A SQL-on-Hadoop Engine that Harnesses the Power of Full Indexing, a Columnar Structure and Intelligent Caching to Achieve Interactive BI Speed on Big Data.

DOWNLOAD JETHRO

Jethro is a SQL-on-Hadoop engine that accelerates your BI Tool visualizations, such as Tableau, Qlik or Microstrategy, by taking a unique approach to accessing big data on Hadoop. Jethro’s SQL-on-Hadoop engine acts as an acceleration layer and is unobtrusively sandwiched between Hadoop and a BI Tool.

The Fastest SQL-on-Hadoop Engine for BI. Jethro accelerates BI visualizations connected to multi-billion-row tables to perform at interactive speeds.

Fastest SQL-on-Hadoop

EASY TO GET STARTED ON HADOOP

Just install Jethro on one or few dedicated servers, point it to your Hadoop cluster, load some data and start querying. When working with Hadoop, Jethro is safe and easy to implement as it only connects remotely as an HDFS client, without installing new services or running resource-intensive computations inside the cluster (MapReduce, Spark or others). Download Jethro.

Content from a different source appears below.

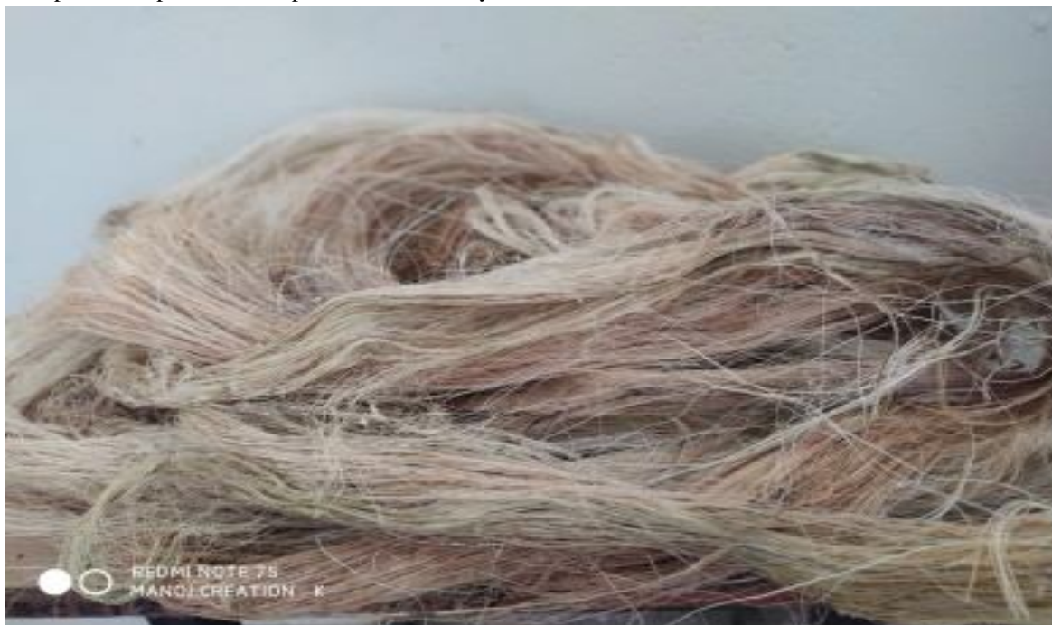
Fig1: Sisal Fiber

Sisal is a precipitation hardening composite material, containing sisal fiber and epoxy resin as its major compositing elements. It has good mechanical properties and exhibits good composite ability. It is few of the common composite of sisal fiber for general purpose use. Hardener and Wax are used as additives. Base material sisal fiber were bought in natural armors and are weighed as per the composition and are cut into small piece for the convenience of placing them inside the crucible are heated to 75 oC in an induction furnace for half an hour. Mixing material .Epoxy resin and hardener are also weighed separately as per the weight ratio and are preheated to atmospheric temperature to improve the wettability of the material.

PERFORMANCE FROM A UNIQUE INDEXING TECHNOLOGY

The key to Jethro’s superior performance on Hadoop is its unique indexing technology. Jethro’s indexes are sorted, multi-hierarchy, compressed bitmaps. They are created automatically for every column, and are written in an efficient, append-only fashion – avoiding expensive random writes and locking. Queries use indexes to read only the data they need, instead of performing full scans, leading to faster response times.

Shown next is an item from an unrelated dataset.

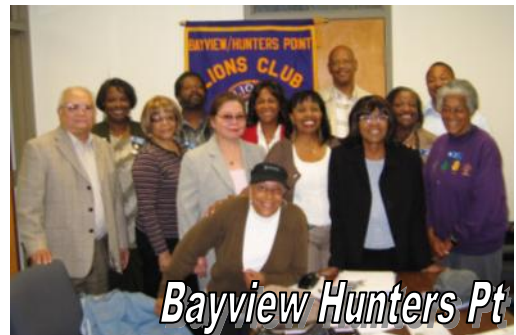
Bayview Hunters Pt

The Club has also held a black history program at their adopted middle school, Visitation Valley Middle School. They have been sponsors of the Annual Juneteenth Festival, established on June 19, 1865, the day that slaves were freed in Texas. Bay View Lions have been in the annual parade, where they have set up an informational booth in order to recruit potential members during the festival.

SCALABILITY AND HIGH-AVAILABILITY

Jethro’s nodes are stateless and highly elastic, allowing easy scale-out to meet concurrency requirements. Jethro’s index and column files are stored as standard files on HDFS or Amazon S3 and benefit from their native scalability and high availability.

MINIMAL HADOOP CLUSTER LOAD

Other SQL-on-Hadoop solutions uses a brute force method – each node of the cluster scans and processes its local data for every query. In contrast, Jethro leverages its indexes to surgically fetch only the relevant data for each query, dramatically reducing the load on the shared Hadoop cluster – freeing it for other computations and supporting more concurrent queries.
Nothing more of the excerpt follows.